Investors in niche retailer Five Below (NASDAQ: FIVE ) have been waiting for a breakout quarter to put some momentum behind the company's stock price, which has underperformed the major market averages over the past 12 months. Fortunately, they may have gotten it in March, as the company reported better-than-expected profitability and a slight increase in its all-important comparable-store sales. The results were enough to excite Mr. Market, propelling a subsequent double-digit gain for Five Below's stock price. So, is it time for investors to bet on the story with conviction?
What's the value?
Five Below competes in the ultra-value price segment of the retail industry, offering nearly everything in its stores at price points between $1 and $5. It generally focuses on the teen crowd, though all ages are apparently welcome, with an eclectic mix of products skewed toward the technology accessories, sports, and crafts categories. Five Below's ability to stay in touch with its core demographic's changing tastes has allowed it to generate a favorable multiyear growth trajectory in sales and profits, which has allowed it to internally fund a rapid store expansion over the past five years.
In its latest fiscal year, Five Below reported very solid numbers. Results were highlighted by a 27.8% top-line gain that was aided by the continuation of comparable-store sales growth as well as a more than 25% increase in its overall store network.

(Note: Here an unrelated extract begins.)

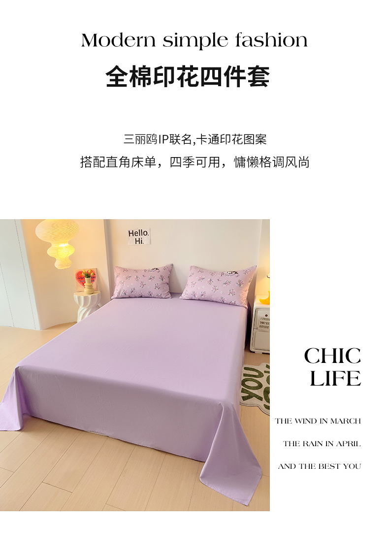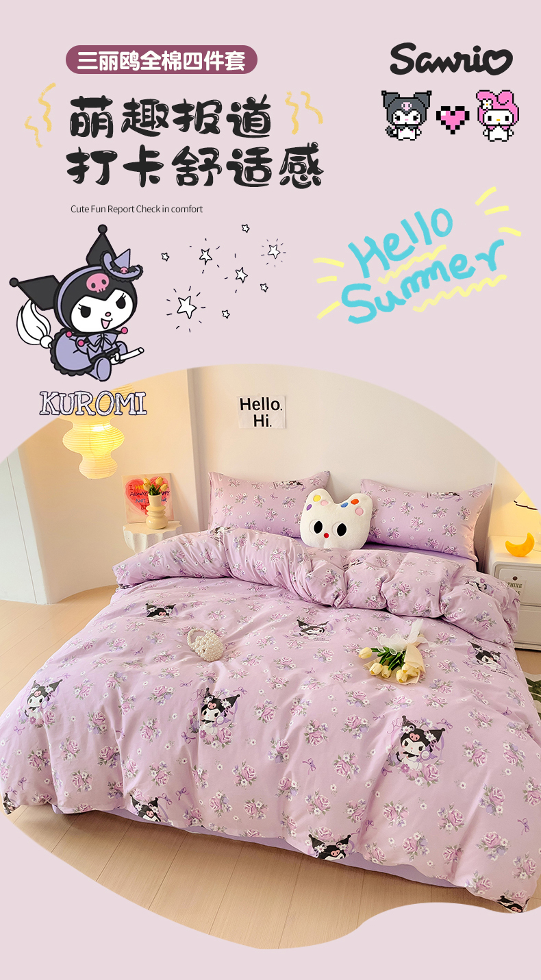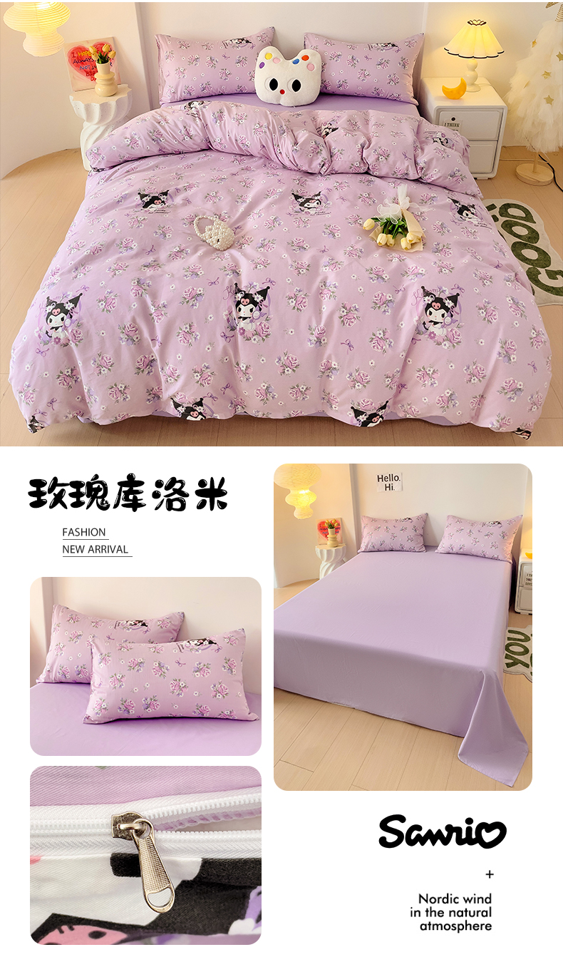 珺柔家纺 2024新款13070全棉三丽鸥系列四件套 玫瑰库洛米

The company's merchandise margin dipped slightly during the period, likely due to the effects from a highly promotional selling environment. But Five Below benefited from its larger size by creating efficiencies in its back-office operations, leading to a strong gain in its operating profitability. The net result for Five Below was improved operating cash flow that is funding the company's national expansion strategy, including plans for another large addition to its store base in 2014.
Baked in the cake
Certainly, Five Below's recent top-line growth has been admirable, given the difficulty that portions of the retail universe have had in generating similar growth profiles, a trend that has been especially prevalent among other teen-focused retailers. The trouble is that Five Below's stock price already reflects much of its relative outperformance, currently trading at a P/E multiple of more than 50. As such, investors have a choice of holding their noses and buying in, or, more wisely, looking for less expensive plays in the ultra-value price segment of the retail industry, like Dollar General (NYSE: DG ) .
The kingpin of the so-called dollar stores only sells a portion of its products for $1 anymore, roughly 25% at last count. But it continues to offer compelling values for its customers, as evidenced by a rising stream of people who find their way into its stores each year. Despite omnipresent competition from big-box retailers in most of its markets, Dollar General uses convenient locations and unbeatable low prices to win its fair share of customers' household spending. It's a strategy that has culminated in 24 straight years of comparable-store sales gains.
In FY 2013, Dollar General's recipe for success continued to be a winning formula. Results were highlighted by a 9.3% top-line gain that was a function of higher comparable-store sales and a modestly larger overall store base. While the company's merchandise margin fell compared to the prior year, partially due to a new focus on lower-margin food products, its operating margin remained above the 9.6% average of the past five years. More important, Dollar General's operations continued to generate strong operating cash flow, easily funding its growth plans while providing opportunities to return capital to shareholders.
Also in the value-priced camp is Dollar Tree Stores (NASDAQ: DLTR ) , a smaller competitor to Dollar General that remains true to its name by selling substantially all items in its stores for $1 or less. Like Dollar General, Dollar Tree has captured perennial increases in per-store sales by making its stores ultra-convenient for customers while also incorporating product lines into its business mix that lead to greater visit frequencies. Not surprisingly, the company's strategy produced similarly positive results in FY 2013, including rising comparable-store sales and higher operating cash flow, which is funding the continuation of its growth story in 2014.
The bottom line
Five Below is undoubtedly a solid growth story, as evidenced by a strong double-digit top-line gain in FY 2013. Unfortunately, everyone already knows it, which causes the company to sport a market valuation at nosebleed levels. As such, the rewards don't outweigh the downside risks, and investors should avoid this story until the euphoria subsides.